In 2021, one day before the state of emergency was declared, Yoong Chia and his partner, Ming Wah, moved from Kuala Lumpur to Tangkak. They only had one friend there, but had long been desperate to get out of the city – what better timing than when the world was about to shut down.

Two years ago, after seeing Gunung Ledang every day, Yoong Chia and Ming Wah began a major piece of research. Thinking Like A Mountain, Yoong Chia’s 2024 solo exhibition at Cult Gallery, is but the first step in what they envision as a larger project, an entire cosmic realm akin to Neil Gaiman’s The Sandman. Here, Puteri Gunung Ledang is cast as a character within a sprawling mythological universe that spans centuries, starting before the Melaka Sultanate and extending into the 1980s. She interacts with figures like Hang Li Po, Alfred Russel Wallace, Ratu Kidul, and others, as they traverse worlds both historical and otherworldly. Each character is imagined in moments of interaction, contemplation, and transformation, fleshing out not only their personalities but also their physicality—the way they move, dress, age, and exist in this evolving world. Each piece becomes a character in an ongoing conversation, with Yoong Chia as imagineer, inviting the land of the Malay peninsula and its myths to speak.

 

Gunung Ledang and the Potence of Mythology

The myth of the princess of Gunung Ledang is familiar to most Malaysians, diffused in our imagination of place and time. Let us rehearse it: Sultan Mansur Shah of the Malacca Sultanate demands a wife who shall surpass all other wives. He was already married to a princess of China, Hang Li Po, and a princess of Java, Princess Radin Galah Chandra Kirana of the Majapahit Empire. But he wished for more. Discontent with a wife of the Nusantara (the local), a princess from the Middle Kingdom (the foreign), he wished for a woman of the magical mountain (the otherworldly).  He had his eyes on the fairy princess, Puteri Gunung Ledang. To that end, he dispatched his loyal servants, Hang Tuah and Tun Mamat, and a retinue of other subjects to fetch her for marriage. After enduring a harsh climb, Tun Mamat encountered a beautiful garden, where he conveyed the Sultan’s proposal to four women. Once they received the message, the women vanished.[1]

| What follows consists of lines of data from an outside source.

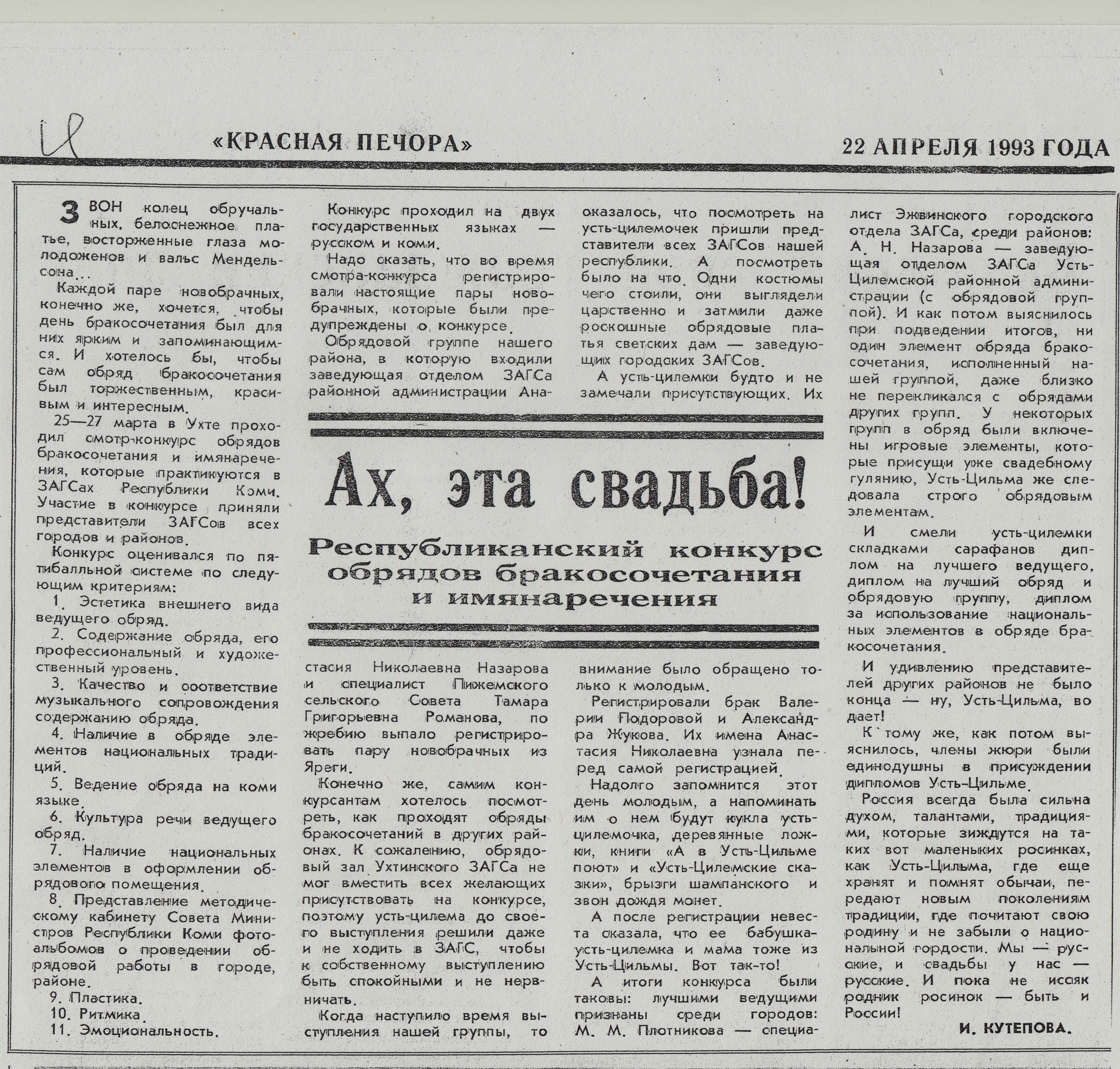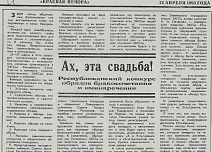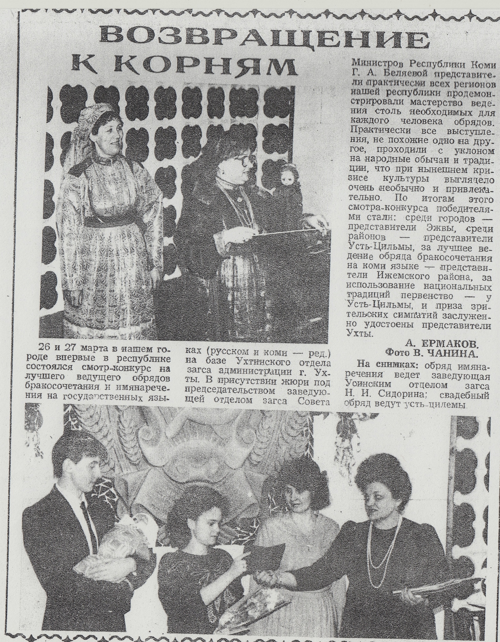 Тогда 30 лет назад в конкурс обрядов бракосочетания включили элементы народных традиций. Вот мы и взяли с собой свои сарафаны, которые смели своими складками диплом на лучшего ведущего, диплом на лучший обряд и обрядовую группу, диплом за использование национальных элементов в обряде бракосочетания. (Свою статью из «Красной Печоры» о тех событиях прилагаю фотографией).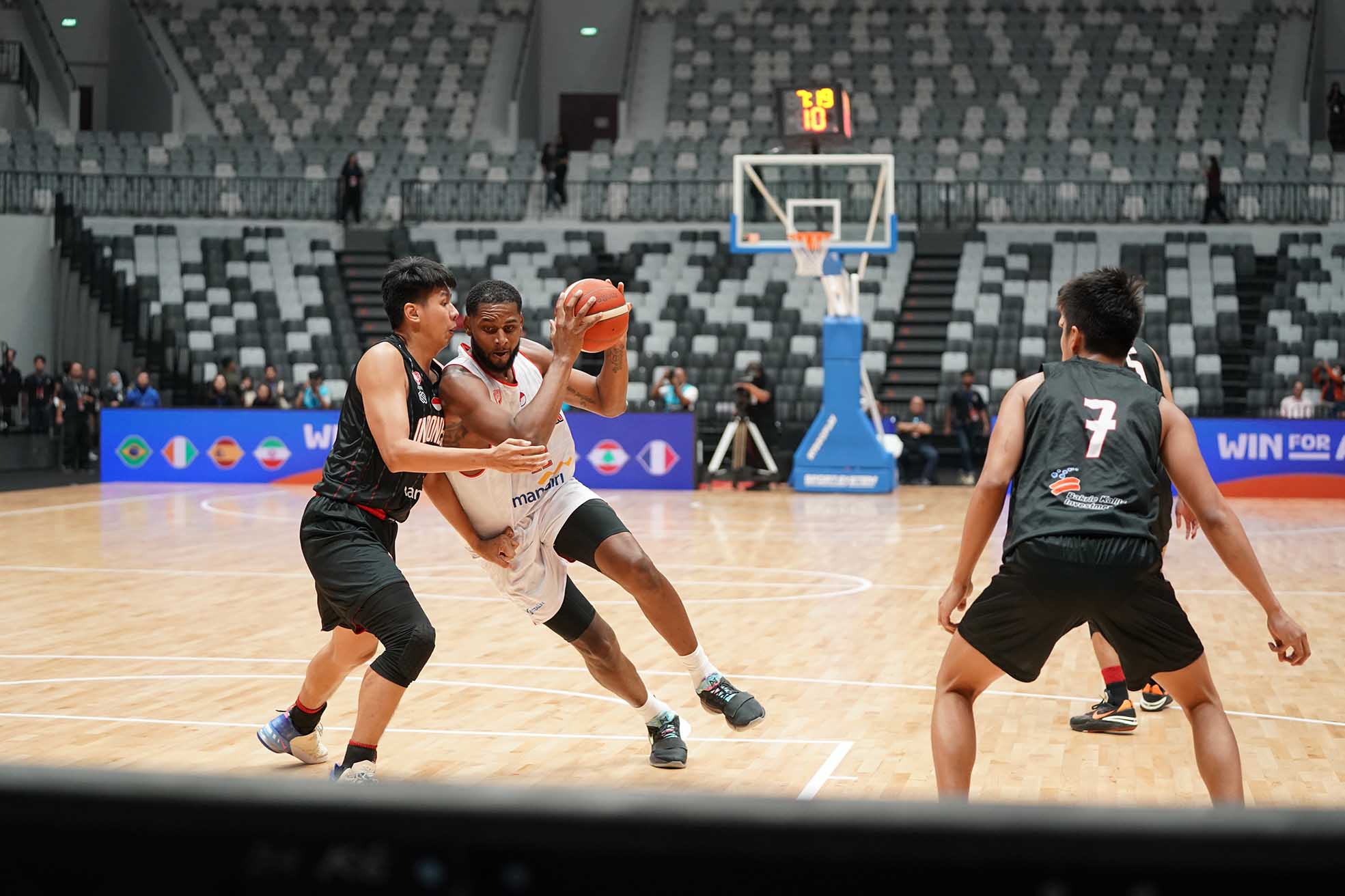 Marques Terrell Bolden, dalam aksinya di Timnas bola basket Indonesia di Indonesia International Basketball Invitational (IIBI) saat melawan juniornya Indonesia Patriots. Timnas Bola Basket mengalahkan Patriots 82-56 di Indonesia Arena, Gelora Bung Karno Senayan, Jakarta, Rabu (2/8/2023) petang.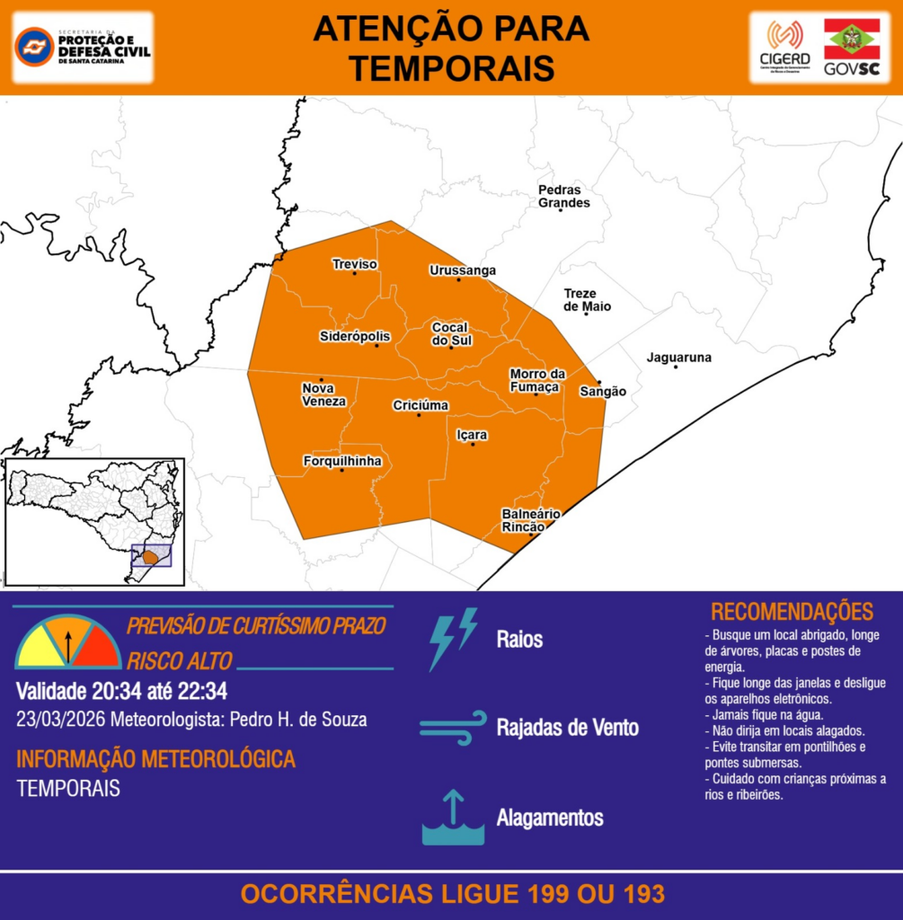 ATENÇÃO – 23/03 20:34 – TEMPORAIS com RAIOS, RAJADAS DE VENTO e ALAGAMENTOS para áreas dos municípios de Balneário Rincão, Cocal do Sul, Criciúma, Forquilhinha, Içara, Jaguaruna, Morro da Fumaça, Nova Veneza, Pedras Grandes, Sangão, Siderópolis, Treviso, Treze de Maio e Urussanga nas próximas 2 horas. Ocorrências ligue 199 ou 193.

Later that night, an old woman appeared before Tun Mamat. She conveyed the princess’s betrothal wish: a bridge of silver and a bridge of gold, seven trays of mosquito hearts, seven trays of the hearts of mites, a vat of water from dried areca nuts, a vat of virgin maidens’ tears, a cup of the Sultan’s blood, and, above all, a cup of his son’s blood. Tun Mamat returned to Malacca and presented the Sultan with these demands. The Sultan, humbled, was able to provide all the gifts except one: he would not draw blood from his own son.

Like all myths, the story of Puteri Gunung Ledang has been interpreted as many times as it has been told. Some see the Sultan’s refusal to provide his son’s blood as a parent's enduring love for a child, a love that transcends all other ambitions. Others see the Sultan’s humbling as a cautionary tale, that one should not be overly egoistic. To feminists, Puteri Gunung Ledang’s legendary demands speak to a denial of patriarchal power structures and as unyielding as the mountain itself. She embodies a sovereignty beyond political authority, a figure who, through her wit and canniness, claims her autonomy.

The potency of myth is in its narrative ability to enable interpretation and moral tales, yet also transcend these easy lessons. The same instinct is at the heart of Thinking Like A Mountain, to tell stories not easily collapsed into caricature. By collapsing linear time and placing in dialogue figures from both mythology and history, Yoong Chia presents a narrative landscape that examines the stories we tell ourselves, the stories that have produced the nation we know today as Malaysia.

 

“We are stardust.”

The phrase “Thinking Like a Mountain” originates from the title of early ecologist’s Aldo Leopold’s eponymous chapter from his book, A Sand County Almanac

Leopold writes:

“In those days we had never heard of passing up a chance to kill a wolf. In a second we were pumping lead into the pack…we reached the old wolf in time to watch a fierce green fire dying in her eyes. I realised then, and have known ever since, that there was something new to me in those eyes- something known only to her and to the mountain. I was young then, and full of trigger-itch; I thought that because fewer wolves meant more deer, that no wolves would mean hunters’ paradise. But after seeing the green fire die, I sense that neither the wolf nor the mountain agreed with such a view.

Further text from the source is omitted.